Abstract

Summary The development and diagnostic features of Plasmodium malariae oocysts in Anopheles gambiae have been studied at the Liberian Institute. Under these conditions the development of P. malariae is much more rapid than usually recorded, the cysts being half-grown by the 7th–8th day as compared with a more usual figure of 11 days or more. Development is still, however, distinctly slower than that of P. falciparum under the same conditions. Wide variations in the size of the oocysts of both species make the size difference of doubtful diagnostic value in individual cases. The characteristic clumping of the pigment in the oocysts of P. malariae from the 7th day onwards (corresponding to the 11th day of Shute and Maryon, 1955) is confirmed, but forms with two clusters or a bipolar arrangement are frequently seen in addition to the more usual single cluster form.

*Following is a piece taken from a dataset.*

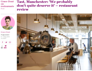 Grace Dent in The Guardian visited Hot Manchester Newcomer Tast Cuina Catalana, one of the ” delicate, thoughtful, educational places” that is aiming to bring a true taste of Spain to Britain. It’s “forward-reaching”, “high-end, imaginative, occasionally edgy” – and huge: there’s three “capacious” floors to fill, each offering a different level of formality and adventurousness. Will it work?

The diagnostic value of this pigment pattern is rather limited by the occurrence of atypical falciparum oocysts with malariae-like pigment. When mixed infections are liable to occur—a distinct possibility even in experimental infections in West Africa—it is usually necessary to confirm the identity of P. malariae oocysts on a developmental basis which makes use of the fact that the characteristic pigment pattern of P. falciparum seldom persists after the 7th day, while that of P. malariae is still conspicuous up to the 10th and 11th day at least.